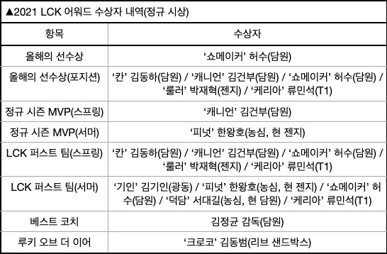 2021년 ‘LOL 챔피언스 코리아(이하 LCK)’ 내 최고의 선수를 뽑는 자리에서 담원의 미드 라이너 ‘쇼메이커’ 허수가 무려 7관왕에 오르는 영예를 안았다.
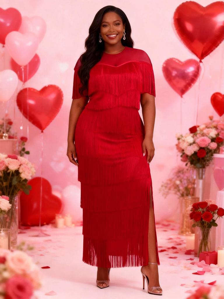 Eleva tu guardarropa de noche con este impresionante vestido de fiesta y banquete para tallas grandes. Confeccionado en poliéster de alta calidad, este elegante vestido presenta un estampado liso complementado por un escote redondo para un look clásico.. Sus elementos de diseño destacados incluyen una falda transparente con flecos, que añade un toque de seducción y sofisticación.. Una elegante abertura lateral realza la caída de la falda, asegurando que hagas una entrada memorable en cualquier evento.. Perfecto para reuniones formales, este vestido combina estilo y comodidad.
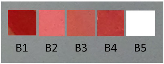 The dyes used in permanent makeup were implemented on the skin of the pig’s ear, which is structurally the most similar to human skin. 5 different colors were implemented into the examined skin fragment using a micropigmentation device (Conture-Linner-Duo; Long-Time-Liner, Germany). For lip pigmentation: red shade (B1), light pink shade (B2), nude (B3), and dirty pink shade (B4) were used. The control dye was white (B5) (Figure 1). The characteristics based on RGB, CMYK, and L*a*b* color scales of the dyes used before the laser procedure is shown in Table 1.
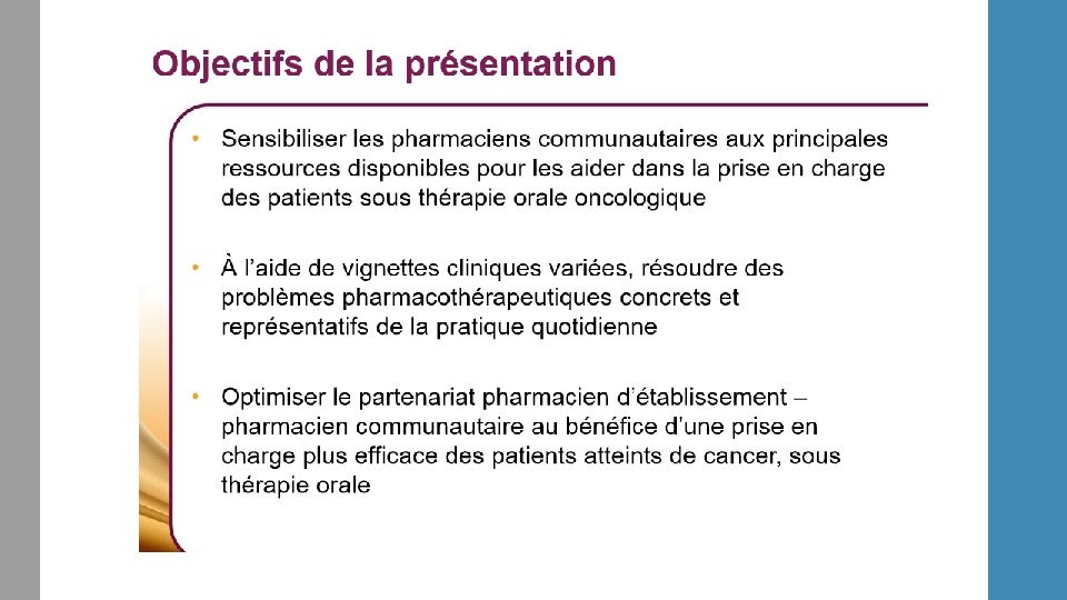 Objectifs de la présentation • Illustrer le contexte des médicaments par voie orale en oncologie Commercialisation des MAVO Bénéfices cliniques et coûts associés • Distinguer le suivi actif et le suivi passif des symptômes associés à la prise de ces médicaments Prise en charge des effets secondaires Activation du patient • Discuter des options permettant aux pharmaciens de faire un suivi actif Contexte hospitalier en Estrie Outils / conférences sur le sujet Prise en charge en milieu communautaire
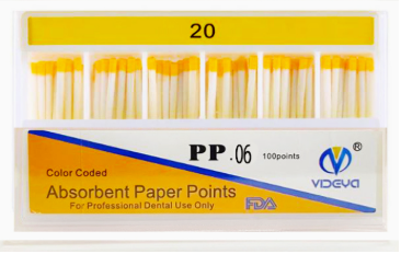 Absorbent Paper Points, length marked, tapered 6%, size #20. Used in endodontic procedures for precise and efficient root canal drying.
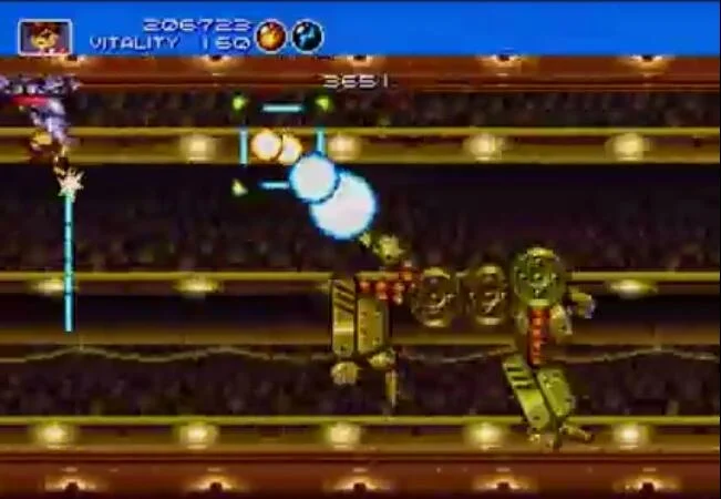 《火枪英雄》是由财宝社(Treasure株式会社)于1993年在世嘉MD上发行的2D卷轴射击游戏,上了一定年纪的玩家,肯定熟知财宝社在2D动作游戏上的造诣,其开发出不少脍炙人口的作品,比如《幽游白书—魔强统一战》,《守护英雄》等等,而《火枪英雄》则是财宝社的第二款游戏。
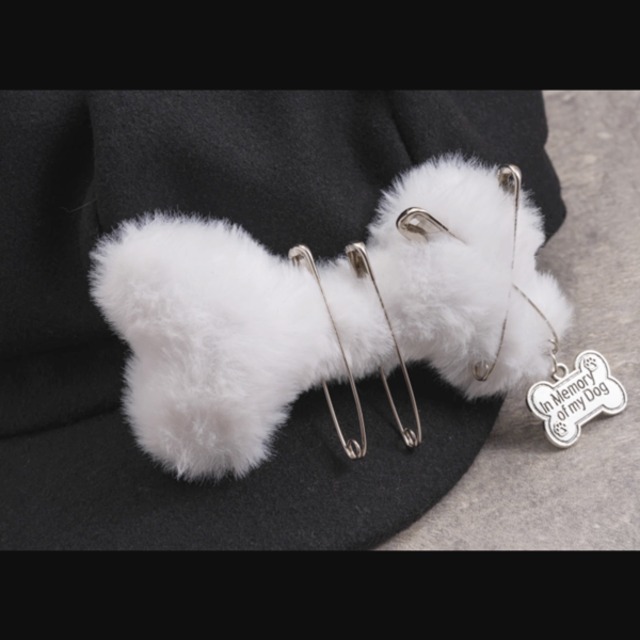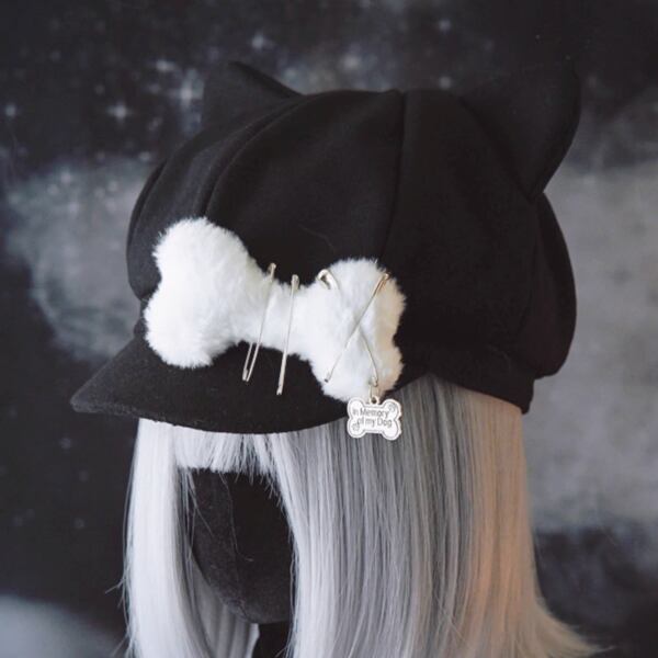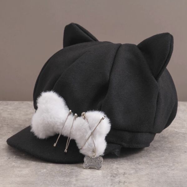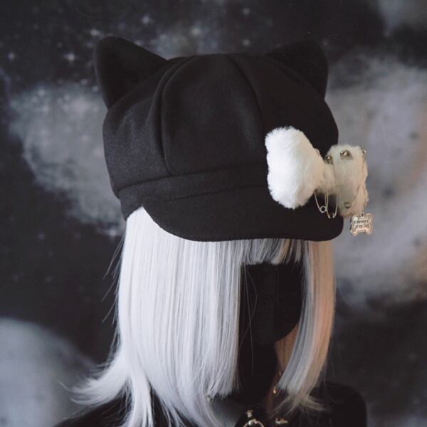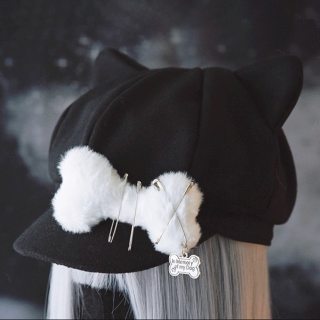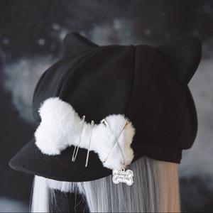 猫耳ブラックキャットもふもふドッグボーン安ピンキャップ(lli_6009)
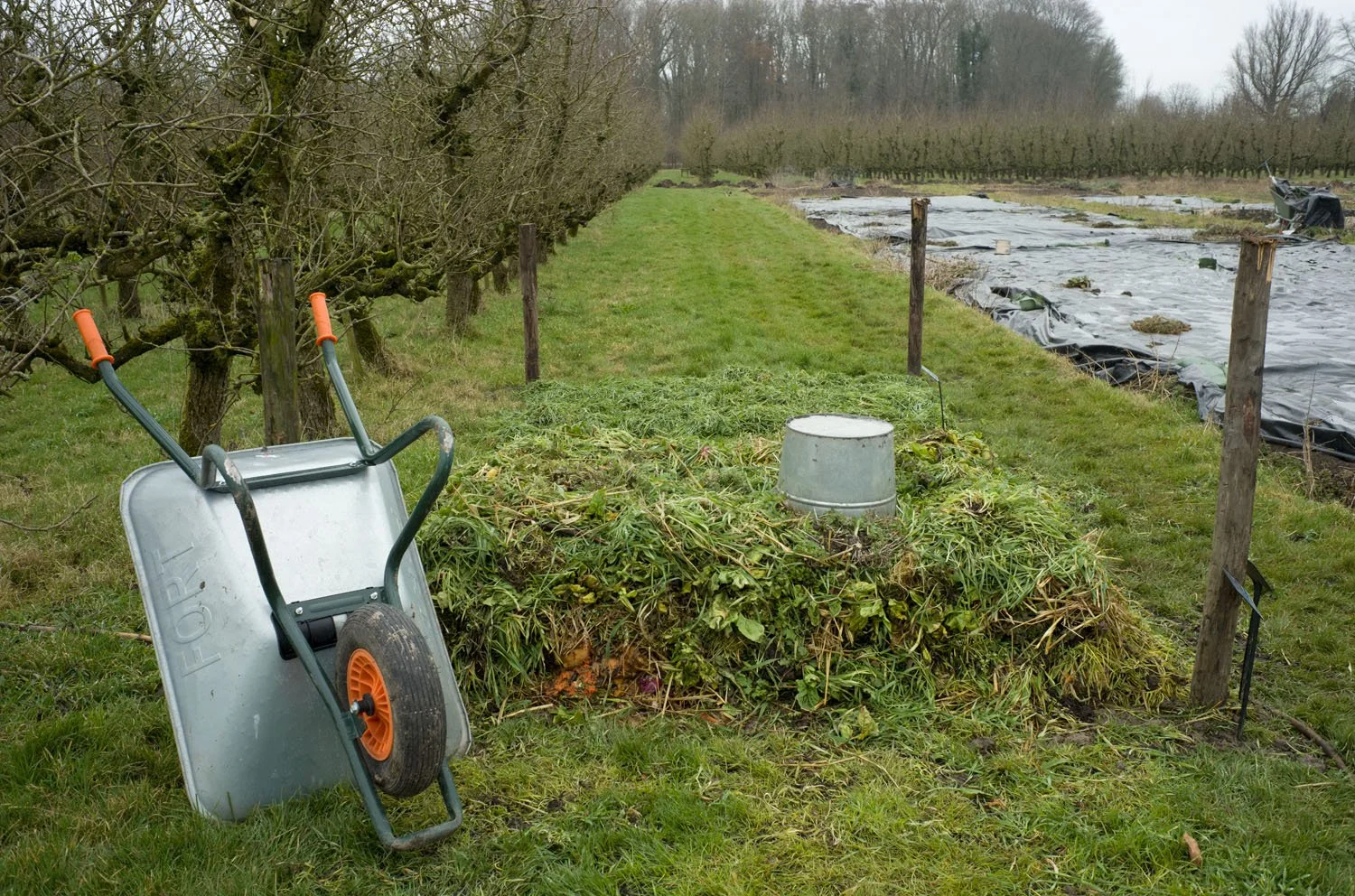 Clay retains water, but also many nutrients that are not directly absorbable by plants. For this they need the help of soil life, and in the old orchard that was hardly present anymore. The gardeners therefore do everything they can to stimulate this in the cultivation beds, by feeding the soil with organic substances, but also leaving it alone as much as possible. No plowing or turning, at most the compact clay is loosened up with the spading fork.
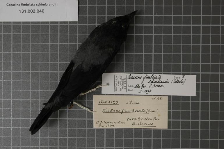 | Keywords: Naturalis Biodiversity Center - RMNH.AVES.123810 1 - Coracina fimbriata schierbrandii (Pelzeln, 1865) - Campephagidae - bird skin specimen.jpeg artwork Dimensions artwork Document type Campephagidae Coracina Individual count 1 Infraspecific epithet schierbrandii Infraspecific rank Institution Naturalis Kind of unit artwork Kind of unit specimen skin Life stage Indonesia C Borneo Blu riv Medium artwork Nomenclatural code Sex remark male lab Occurrence ID page Other fields Other versions artwork Permission license Naturalis donation CC-0 Publication location Scientific name Coracina fimbriata schierbrandii Pelzeln 1865 Scientific name authorship Pelzeln 1865 male Source url http //bioportal naturalis nl Specific epithet fimbriata State or province C Borneo Subject keywords artwork Subject keywords publication Title artwork Title publication Type status Uploaded with GWToolset Naturalis_Biodiversity_Center_-_RMNH AVES 123810_1_-_Coracina_fimbriata_schierbrandii_ Pelzeln _1865 _-_Campephagidae_-_bird_skin_specimen http //medialib naturalis nl/file/id/RMNH AVES 123810_1/format/large Media donated by Naturalis Biodiversity Center Songbird specimens at Naturalis Biodiversity Center Coracina fimbriata schierbrandii |
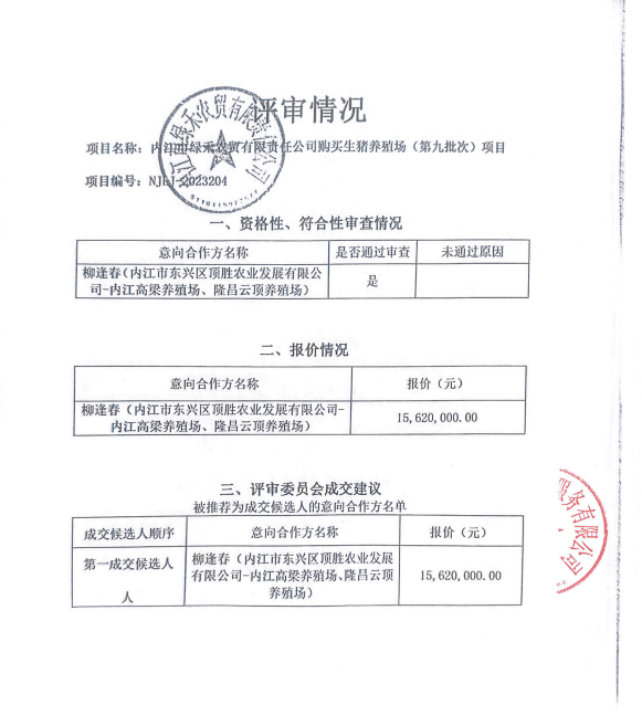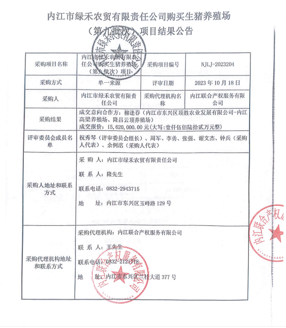 內(nèi)江市綠禾農(nóng)貿(mào)有限責任公司購買生豬養(yǎng)殖場(第九批次)項目結果公告

|---|

Work order >>
Please retype, exactly as they appear, the lines from the one with "Clay retains water, but" through the final line of the material, both included, and drop any pictures.

Worked solution >>
 Clay retains water, but also many nutrients that are not directly absorbable by plants. For this they need the help of soil life, and in the old orchard that was hardly present anymore. The gardeners therefore do everything they can to stimulate this in the cultivation beds, by feeding the soil with organic substances, but also leaving it alone as much as possible. No plowing or turning, at most the compact clay is loosened up with the spading fork.
 | Keywords: Naturalis Biodiversity Center - RMNH.AVES.123810 1 - Coracina fimbriata schierbrandii (Pelzeln, 1865) - Campephagidae - bird skin specimen.jpeg artwork Dimensions artwork Document type Campephagidae Coracina Individual count 1 Infraspecific epithet schierbrandii Infraspecific rank Institution Naturalis Kind of unit artwork Kind of unit specimen skin Life stage Indonesia C Borneo Blu riv Medium artwork Nomenclatural code Sex remark male lab Occurrence ID page Other fields Other versions artwork Permission license Naturalis donation CC-0 Publication location Scientific name Coracina fimbriata schierbrandii Pelzeln 1865 Scientific name authorship Pelzeln 1865 male Source url http //bioportal naturalis nl Specific epithet fimbriata State or province C Borneo Subject keywords artwork Subject keywords publication Title artwork Title publication Type status Uploaded with GWToolset Naturalis_Biodiversity_Center_-_RMNH AVES 123810_1_-_Coracina_fimbriata_schierbrandii_ Pelzeln _1865 _-_Campephagidae_-_bird_skin_specimen http //medialib naturalis nl/file/id/RMNH AVES 123810_1/format/large Media donated by Naturalis Biodiversity Center Songbird specimens at Naturalis Biodiversity Center Coracina fimbriata schierbrandii |
 內(nèi)江市綠禾農(nóng)貿(mào)有限責任公司購買生豬養(yǎng)殖場(第九批次)項目結果公告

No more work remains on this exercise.